== WHAT THIS TASK INVOLVES ==
Work through the listing below and give again exactly the lines from the one with "Custom Colossus S/N 049 and date" to the one with "Drawers in White", both ends included. All other lines and all pictures stay out.
(GIVEN RECORDS begins)
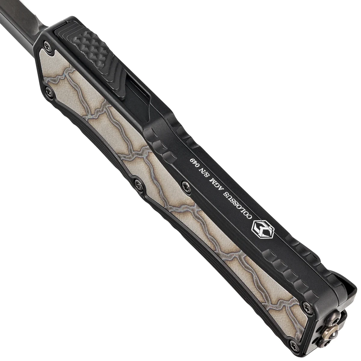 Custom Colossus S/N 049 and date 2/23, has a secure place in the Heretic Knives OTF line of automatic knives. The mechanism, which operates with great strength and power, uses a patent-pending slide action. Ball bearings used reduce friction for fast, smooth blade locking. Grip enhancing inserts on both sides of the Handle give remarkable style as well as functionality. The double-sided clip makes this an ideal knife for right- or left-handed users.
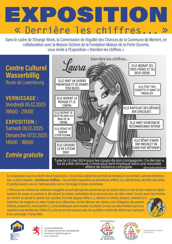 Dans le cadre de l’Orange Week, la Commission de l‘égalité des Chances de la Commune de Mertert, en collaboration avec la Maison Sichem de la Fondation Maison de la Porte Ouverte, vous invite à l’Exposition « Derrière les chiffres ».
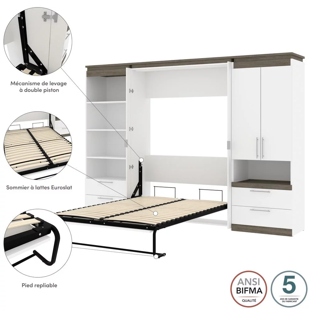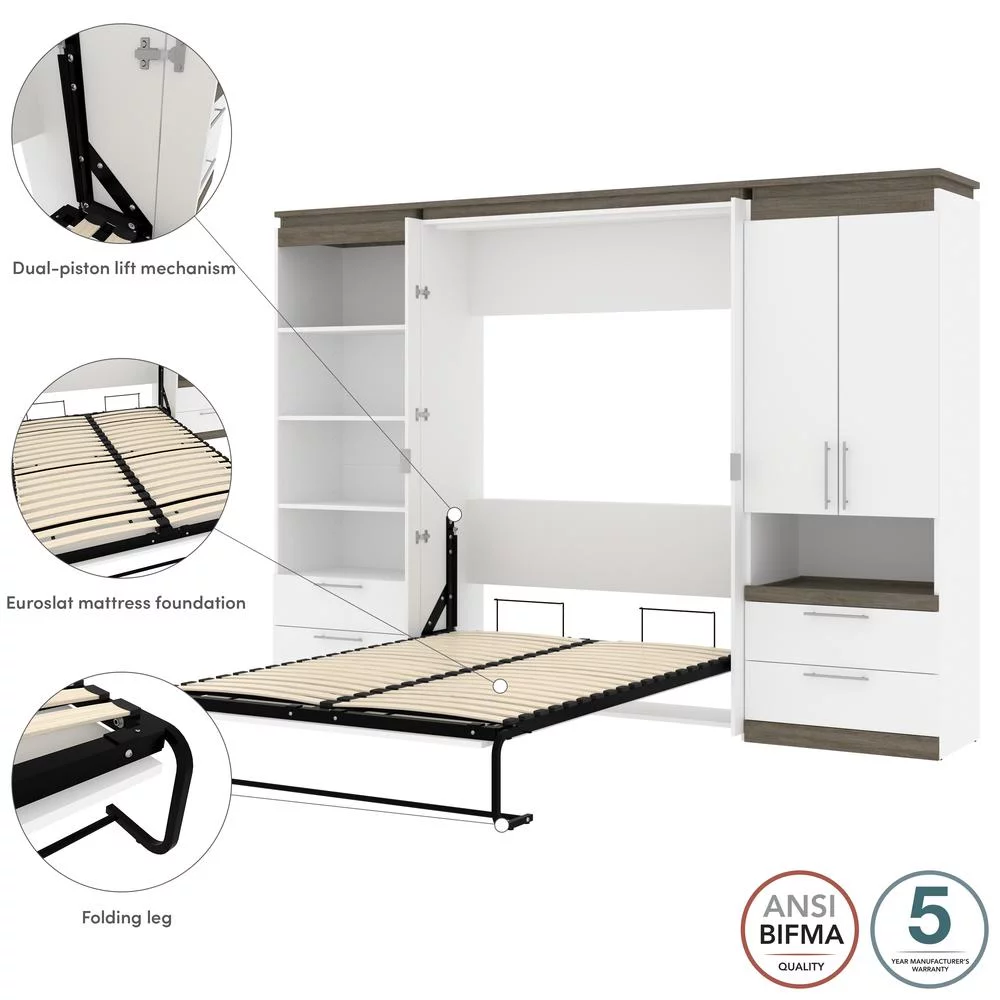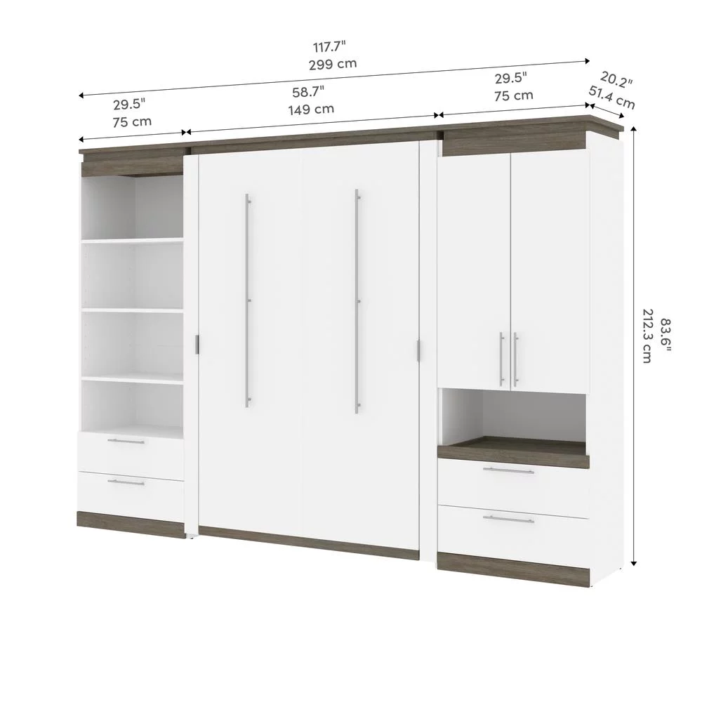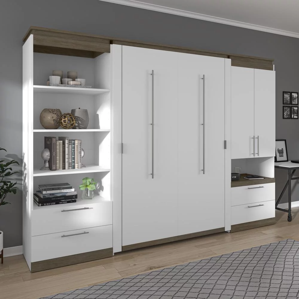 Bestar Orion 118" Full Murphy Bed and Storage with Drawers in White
(GIVEN RECORDS ends)
(GIVEN RECORDS begins)
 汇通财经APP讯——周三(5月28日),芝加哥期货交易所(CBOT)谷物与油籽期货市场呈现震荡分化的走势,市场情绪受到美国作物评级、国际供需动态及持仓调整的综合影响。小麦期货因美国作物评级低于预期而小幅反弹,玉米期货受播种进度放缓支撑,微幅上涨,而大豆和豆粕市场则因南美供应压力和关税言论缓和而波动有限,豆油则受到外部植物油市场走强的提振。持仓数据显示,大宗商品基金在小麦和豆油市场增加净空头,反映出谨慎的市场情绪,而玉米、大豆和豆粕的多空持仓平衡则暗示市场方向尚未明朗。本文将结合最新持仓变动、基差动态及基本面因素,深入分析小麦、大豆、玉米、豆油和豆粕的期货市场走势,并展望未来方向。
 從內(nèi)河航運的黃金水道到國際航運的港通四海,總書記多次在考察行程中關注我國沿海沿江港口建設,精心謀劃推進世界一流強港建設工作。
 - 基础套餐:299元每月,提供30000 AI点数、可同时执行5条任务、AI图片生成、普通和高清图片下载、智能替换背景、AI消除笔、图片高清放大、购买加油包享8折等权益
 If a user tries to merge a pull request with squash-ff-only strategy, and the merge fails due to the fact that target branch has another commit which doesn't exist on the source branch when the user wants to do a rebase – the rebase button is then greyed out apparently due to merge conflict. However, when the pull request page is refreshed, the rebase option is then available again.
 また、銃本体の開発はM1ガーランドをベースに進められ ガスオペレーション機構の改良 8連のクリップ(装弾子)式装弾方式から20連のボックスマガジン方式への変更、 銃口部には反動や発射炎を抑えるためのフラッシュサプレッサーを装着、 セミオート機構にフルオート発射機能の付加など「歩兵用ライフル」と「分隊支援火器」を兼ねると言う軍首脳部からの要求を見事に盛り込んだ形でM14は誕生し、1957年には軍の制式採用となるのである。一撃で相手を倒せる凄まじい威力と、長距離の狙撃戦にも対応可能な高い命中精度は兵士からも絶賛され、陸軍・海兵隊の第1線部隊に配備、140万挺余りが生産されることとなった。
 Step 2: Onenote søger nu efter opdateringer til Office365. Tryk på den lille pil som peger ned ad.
(GIVEN RECORDS ends)
(GIVEN RECORDS begins)
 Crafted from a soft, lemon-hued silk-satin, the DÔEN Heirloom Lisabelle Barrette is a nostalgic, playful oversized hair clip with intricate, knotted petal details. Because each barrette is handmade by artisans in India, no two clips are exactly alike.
(GIVEN RECORDS ends)
== TASK RESPONSE ==
 Custom Colossus S/N 049 and date 2/23, has a secure place in the Heretic Knives OTF line of automatic knives. The mechanism, which operates with great strength and power, uses a patent-pending slide action. Ball bearings used reduce friction for fast, smooth blade locking. Grip enhancing inserts on both sides of the Handle give remarkable style as well as functionality. The double-sided clip makes this an ideal knife for right- or left-handed users.
 Dans le cadre de l’Orange Week, la Commission de l‘égalité des Chances de la Commune de Mertert, en collaboration avec la Maison Sichem de la Fondation Maison de la Porte Ouverte, vous invite à l’Exposition « Derrière les chiffres ».
 Bestar Orion 118" Full Murphy Bed and Storage with Drawers in White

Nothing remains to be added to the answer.